◆ **Problem**
From the data that follows, set down exactly the lines from the one with "Unser gemütlicher Familienbetrieb" through the one with "Madonna delle rocce, 20°", counting both. Pictures stay out.

◆ **Stored data**

□ □ □

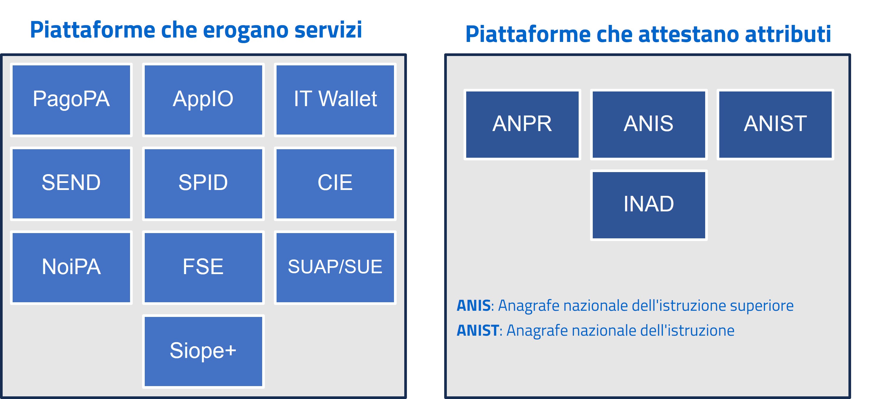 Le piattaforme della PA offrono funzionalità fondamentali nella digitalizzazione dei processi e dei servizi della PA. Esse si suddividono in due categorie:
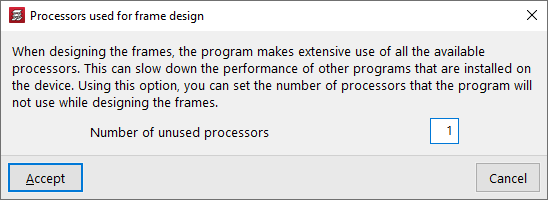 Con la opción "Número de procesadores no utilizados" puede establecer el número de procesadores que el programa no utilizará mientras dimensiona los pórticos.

□ □ □

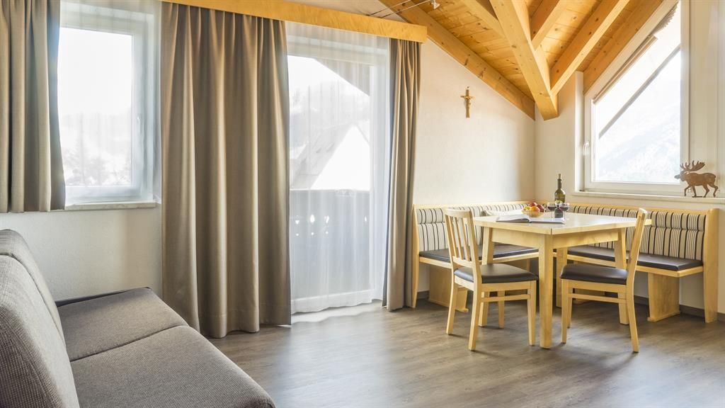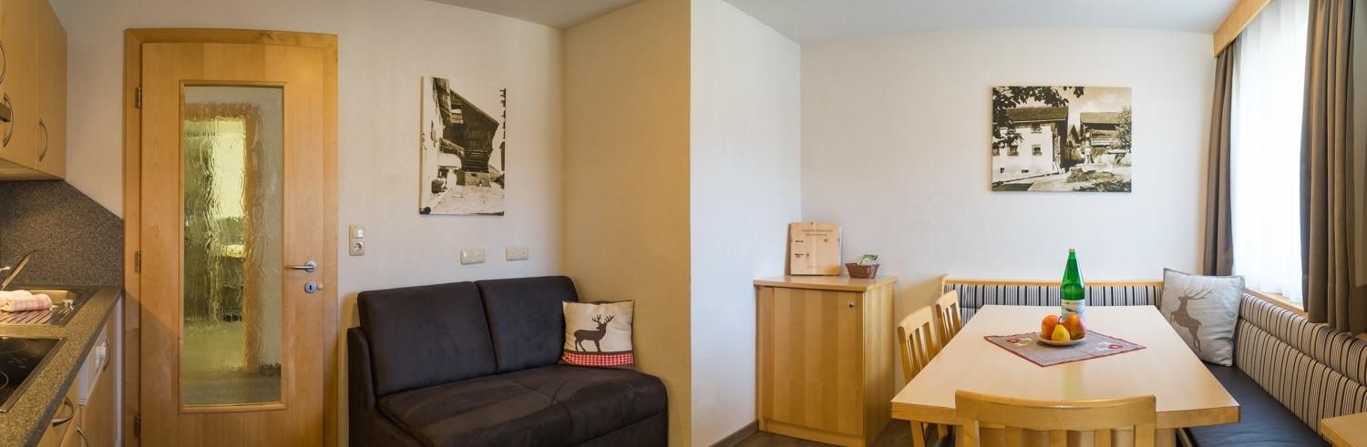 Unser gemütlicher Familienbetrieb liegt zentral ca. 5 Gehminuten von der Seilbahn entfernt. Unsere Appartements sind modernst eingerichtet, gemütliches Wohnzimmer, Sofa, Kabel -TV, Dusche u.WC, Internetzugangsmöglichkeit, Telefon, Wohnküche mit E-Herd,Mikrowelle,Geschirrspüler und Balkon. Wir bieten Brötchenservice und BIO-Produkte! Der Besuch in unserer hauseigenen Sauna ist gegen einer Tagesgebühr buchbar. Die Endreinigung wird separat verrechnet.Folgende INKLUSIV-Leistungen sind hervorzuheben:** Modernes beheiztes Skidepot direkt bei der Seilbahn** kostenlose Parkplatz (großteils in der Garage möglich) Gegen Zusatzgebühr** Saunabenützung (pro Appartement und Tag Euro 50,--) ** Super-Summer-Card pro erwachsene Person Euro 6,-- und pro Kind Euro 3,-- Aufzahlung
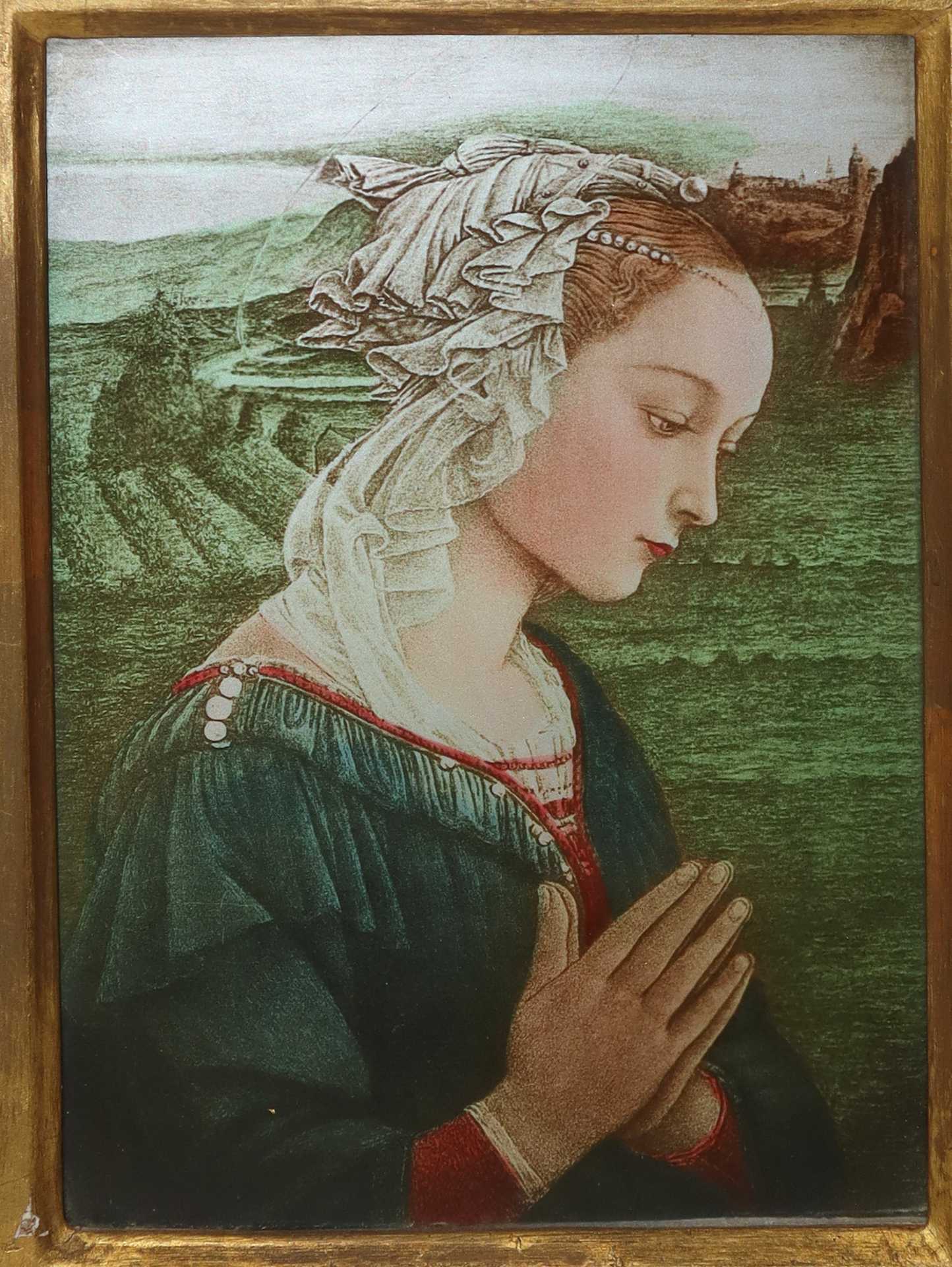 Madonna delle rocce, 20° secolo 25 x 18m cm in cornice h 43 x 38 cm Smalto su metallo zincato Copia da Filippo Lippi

□ □ □

◆ **Solution**
 Unser gemütlicher Familienbetrieb liegt zentral ca. 5 Gehminuten von der Seilbahn entfernt. Unsere Appartements sind modernst eingerichtet, gemütliches Wohnzimmer, Sofa, Kabel -TV, Dusche u.WC, Internetzugangsmöglichkeit, Telefon, Wohnküche mit E-Herd,Mikrowelle,Geschirrspüler und Balkon. Wir bieten Brötchenservice und BIO-Produkte! Der Besuch in unserer hauseigenen Sauna ist gegen einer Tagesgebühr buchbar. Die Endreinigung wird separat verrechnet.Folgende INKLUSIV-Leistungen sind hervorzuheben:** Modernes beheiztes Skidepot direkt bei der Seilbahn** kostenlose Parkplatz (großteils in der Garage möglich) Gegen Zusatzgebühr** Saunabenützung (pro Appartement und Tag Euro 50,--) ** Super-Summer-Card pro erwachsene Person Euro 6,-- und pro Kind Euro 3,-- Aufzahlung
 Madonna delle rocce, 20° secolo 25 x 18m cm in cornice h 43 x 38 cm Smalto su metallo zincato Copia da Filippo Lippi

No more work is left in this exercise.